Olympic rowing event

The men's single sculls was a rowing event held as part of the Rowing at the 1912 Summer Olympics programme. It was the fourth appearance of the event. The competition was held from 17 to 19 July at Djurgårdsbrunnsviken. There were 13 competitors from 11 nations. Each nation could have up to two boats. The event was won by Wally Kinnear of Great Britain, the nation's second consecutive victory in the men's single sculls. The other three medal-winning nations were new to the podium in the event. Kinnear beat Everard Butler of Canada in the semifinals, while Belgium's Polydore Veirman prevailed over Mart Kuusik of the Russian Empire; Butler and Kuusik received bronze medals. Veirman earned silver after falling to Kinnear in the final.

==Background==

This was the fourth appearance of the event. Rowing had been on the programme in 1896 but was cancelled due to bad weather. The single sculls has been held every time that rowing has been contested, beginning in 1900.

The two favorites in the event were likely Wally Kinnear of Great Britain (the Diamond Challenge Sculls winner in 1910 and 1911) and Polydore Veirman of Belgium, who would win the European championship later in 1912. Another strong contender was Everard Butler of Canada, the top North American sculler and winner of the National Association of Amateur Oarsmen events in 1911 and 1912.
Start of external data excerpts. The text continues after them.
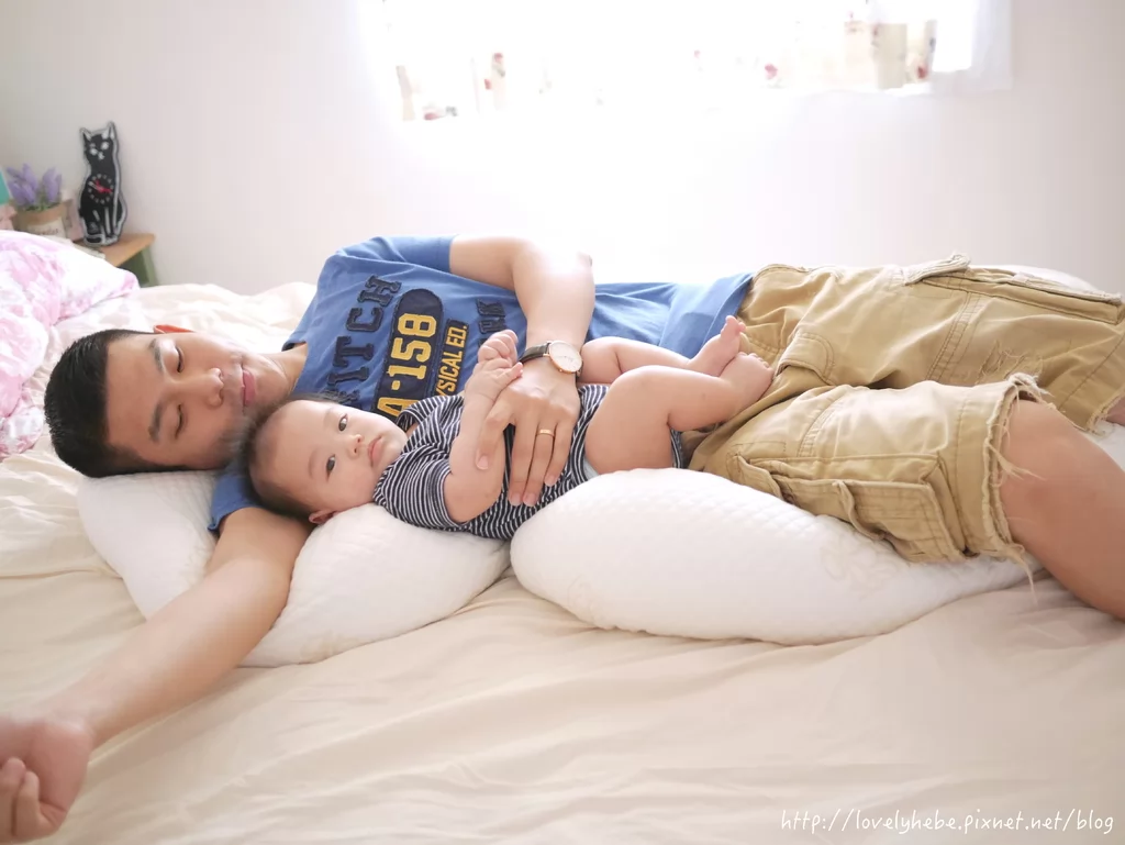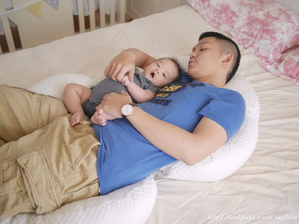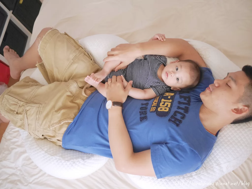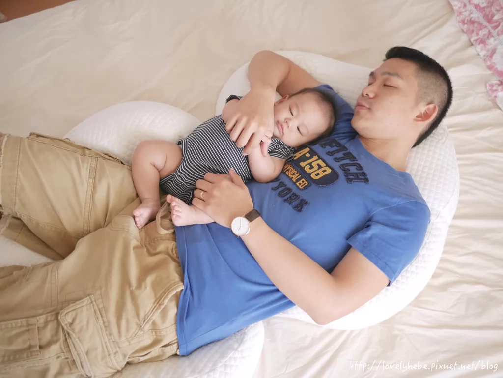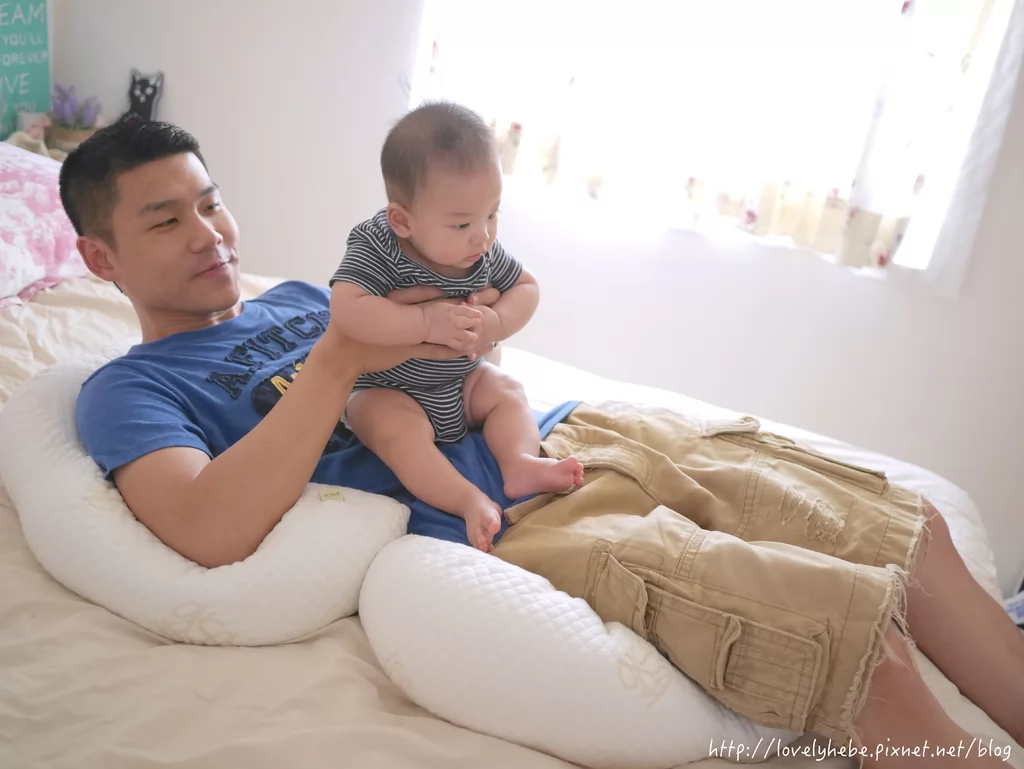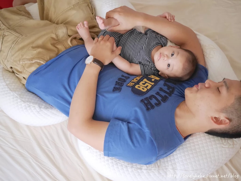 ((而且這哺乳枕真的不太會扁塌 你看老張這樣重 躺都ok
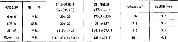 1.纤维原料 不同原料的纱线在外力作用下的变形能力不同,对织缩率的影响也不同。一般来说,易于屈曲的纱线,其织缩率较大;易于产生塑性变形的纱线,其织缩率较小。
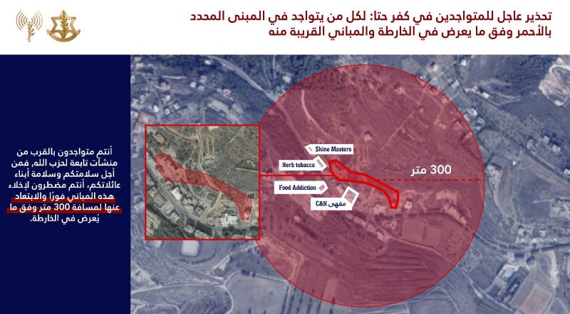 جاء التحذير بالتزامن مع غارات تستهدف مواقع لحزب الله في محيط قرية سحمر، وفق ما ورد في المادة.
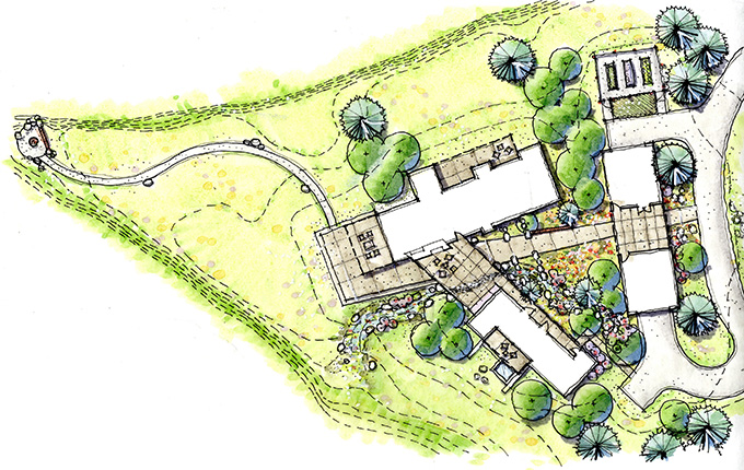 Composed of three structures in a loose triangular form—main house, guest house, and utility structure—the two living volumes (2,282-square-foot main house and 946-square-foot guest house) are aligned with the two converging river bluffs. The utility structure (garage and wood shop) form the third leg of the triangle and screen the house from the access road. Together, the three legs form a protected central courtyard.
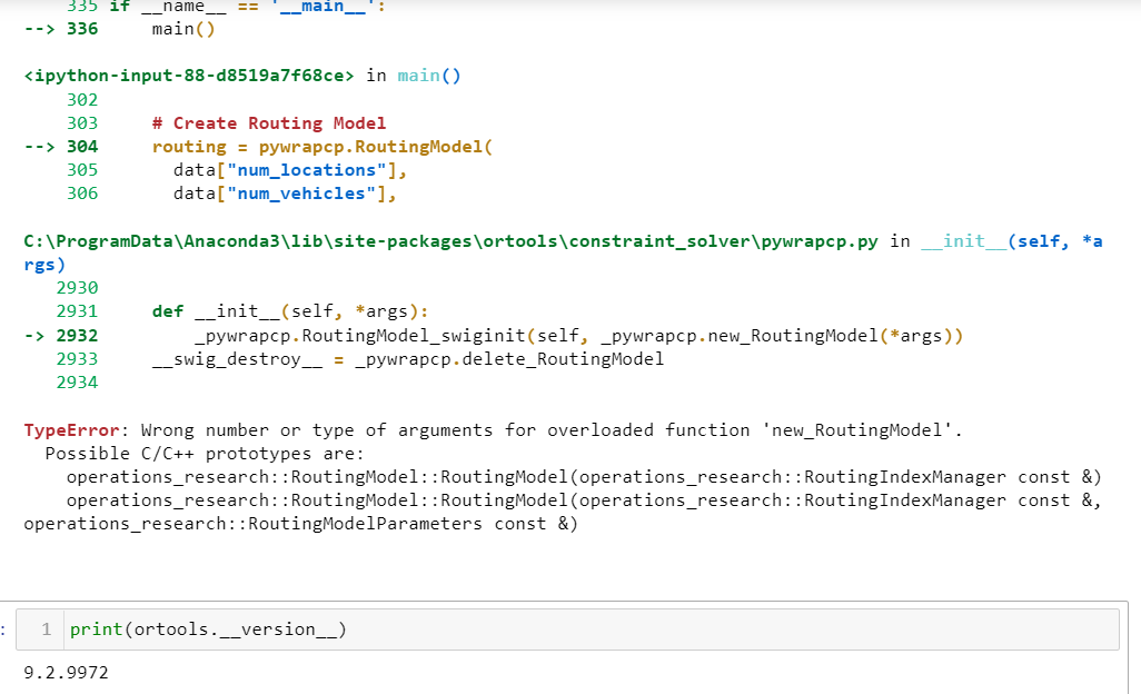 I am trying to run the ortools_pubcrawl.ipynb example from GitHub - GIScience/openrouteservice-examples: (Mostly) real-world examples and inspirations to use the , but I’m stuck at the first cell that uses ortools. Here is the error returned by executing that cell,
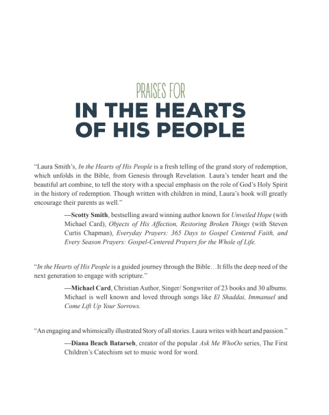 This Christian children’s book uses Bible verses and beautiful illustrations to teach kids about the wonders of God, His love, and the Trinity. From the creation of the world to Noah’s Arc and other episodes from the Bible, In the Hearts of His People teaches children how the Father has sent His love for mankind through His Holy Spirit . . . bringing forth His plan for their redemption. God sends His Spirit and Son, Jesus, to Earth at just the right time. And Jesus brought with Him a message to the world―proving His perfect love for all His children.
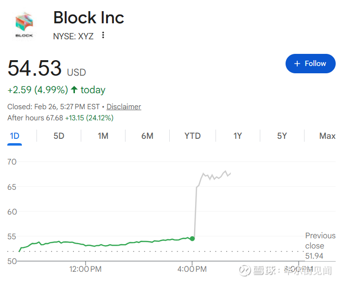 公告发布后,Block股价在盘后交易中一度上涨逾24%。
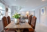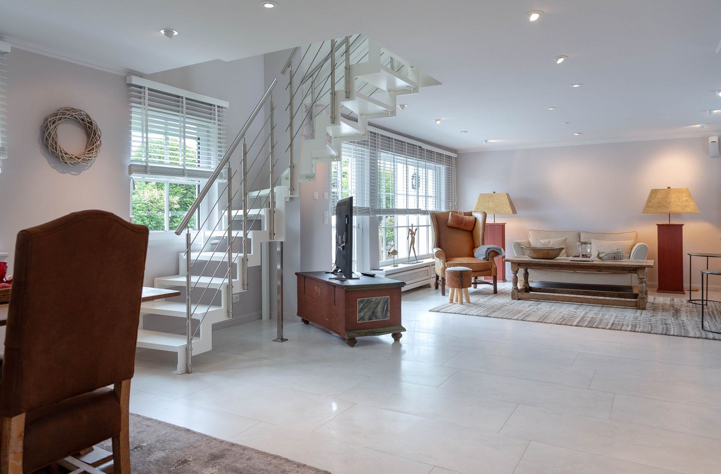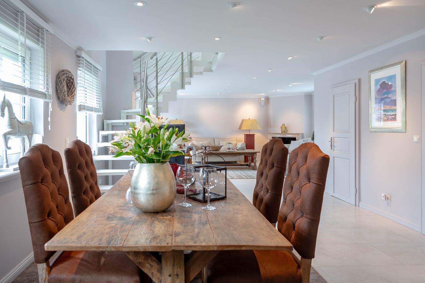Die Einrichtung überzeugt mit ihren hochwertigen Tischlereinbauten und den stilvollen Details. Ob in weichen Polstern , am großen Esstisch oder auf der Terrasse: Es bieten sich viele Möglichkeiten gemeinsam zu entspannen und zu genießen. Zu jeder Jahreszeit.
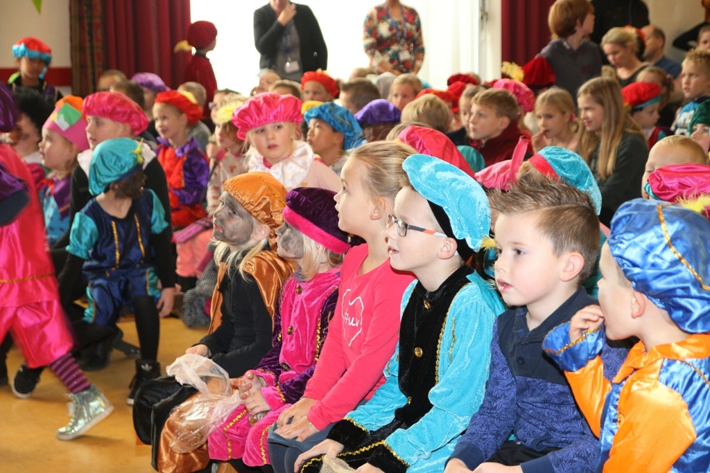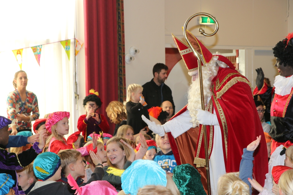 Maar gelukkig waren er twee wegwerkers van de gemeente Kollumerland die het lek snel konden dicht maken met behulp van de Pieten. Zo kon de Sint met zijn gevolg de rit weer vervolgen naar de Trije Doarpen. Ondanks het oponthoud was hij nog mooi op tijd voor een schitterend feest voor alle kinderen tot en met groep 5. De Sint werd verrast door de prachtige kleurplaten die de kinderen hadden gemaakt.
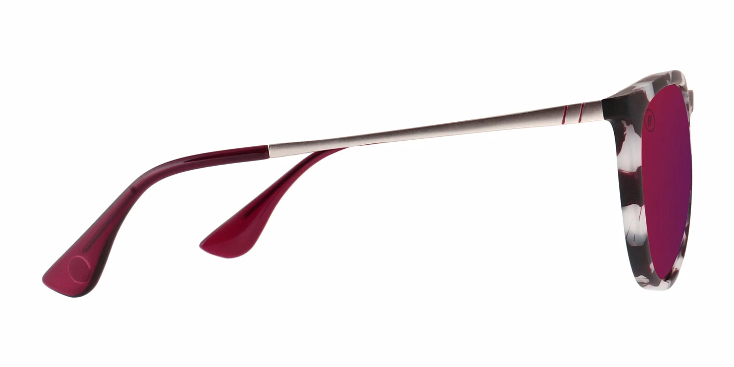 It says it right in the name—‘Lotsa Heat‘ brings the fire. 100% UVA/UVB protection and anti-salt-water coatings kick things off, but it doesn’t stop there. A stunning black/silver tortoise frame encircles crimson round lenses, while at the sides, matte-finished metal arms are contrasted by crystal red temple tips. It’s a look ideal for anyone seeking to “Blend Out,” not blend in. //

Australasia, Austria, Bohemia, Denmark, Finland, and the Russian Empire each made their debut in the event. Great Britain made its third appearance, most among nations, having missed only the 1904 Games in St. Louis.

==Competition format==

As in 1908, the 1912 tournament featured four rounds of one-on-one races. Semifinal losers each received bronze medals. For the first time, the Olympic course used the now-standard distance of 2000 metres.

==Schedule==

| Date | Time | Round |
|---|---|---|
| Wednesday, 17 July 1912 | 15:00 | First round |
| Thursday, 18 July 1912 | 11:00 11:40 12:00 19:30 | Quarterfinals 1 and 2 First round heat 1 re-run Quarterfinals 3 and 4 Quarterfinals 1 re-run |
| Friday, 19 July 1912 | 12:30 17:00 | Semifinals Final |

==Results==

===First round===

====Heat 1====

Kuusic nearly collided with Heinrich in the first heat, leading to a protest that resulted in the heat being re-rowed the next day; Heinrich was disqualified in the second running of the heat. Three of the heats were walkovers.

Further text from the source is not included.